- Exercise data
-=-=-=-=-

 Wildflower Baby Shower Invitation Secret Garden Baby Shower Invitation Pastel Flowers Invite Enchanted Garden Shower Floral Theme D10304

-=-=-=-=-

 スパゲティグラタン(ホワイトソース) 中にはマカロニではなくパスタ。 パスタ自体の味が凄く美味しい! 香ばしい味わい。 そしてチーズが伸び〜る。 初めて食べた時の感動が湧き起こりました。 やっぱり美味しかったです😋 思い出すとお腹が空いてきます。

-=-=-=-=-

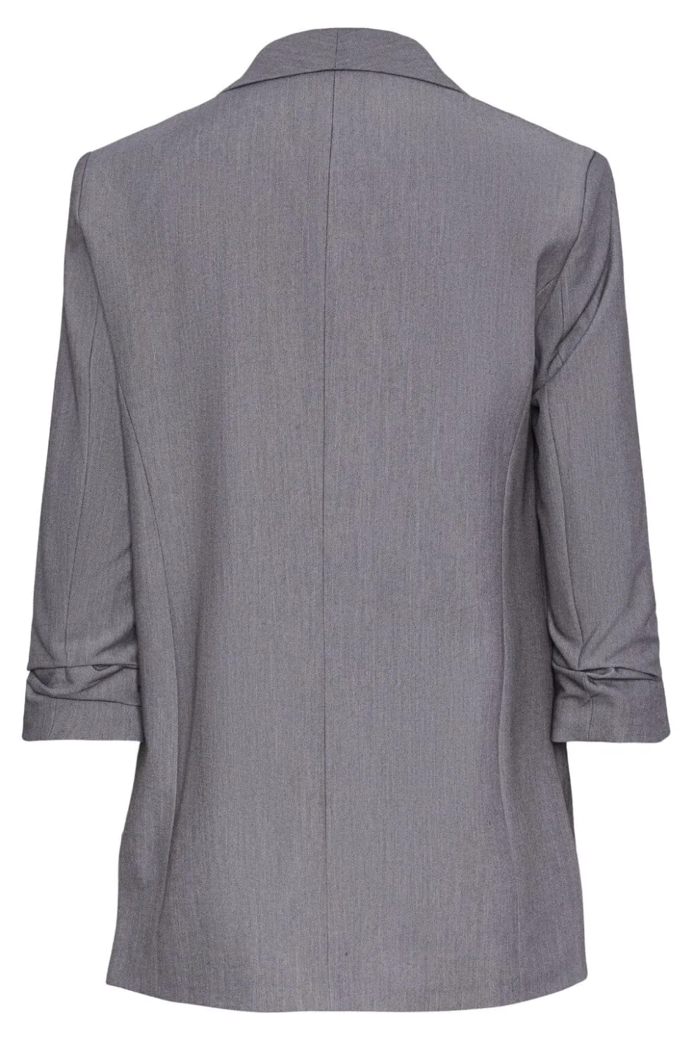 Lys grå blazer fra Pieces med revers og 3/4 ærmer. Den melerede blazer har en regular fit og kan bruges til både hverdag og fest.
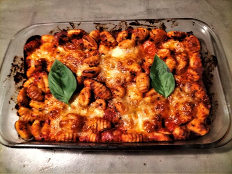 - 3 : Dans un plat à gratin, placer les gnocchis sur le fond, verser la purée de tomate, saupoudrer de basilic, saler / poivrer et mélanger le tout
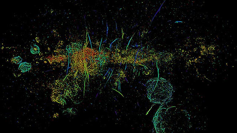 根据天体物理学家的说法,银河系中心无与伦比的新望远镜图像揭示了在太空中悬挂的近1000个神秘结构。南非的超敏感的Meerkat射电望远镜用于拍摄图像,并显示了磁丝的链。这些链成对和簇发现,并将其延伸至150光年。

-=-=-=-=-

- Exercise goal
After locating the line containing "- 3 : Dans un" in the entries above, return it and every line after it exactly, ending at the line containing "根据天体物理学家的说法,银河", without pictures.

- The completed task
 - 3 : Dans un plat à gratin, placer les gnocchis sur le fond, verser la purée de tomate, saupoudrer de basilic, saler / poivrer et mélanger le tout
 根据天体物理学家的说法,银河系中心无与伦比的新望远镜图像揭示了在太空中悬挂的近1000个神秘结构。南非的超敏感的Meerkat射电望远镜用于拍摄图像,并显示了磁丝的链。这些链成对和簇发现,并将其延伸至150光年。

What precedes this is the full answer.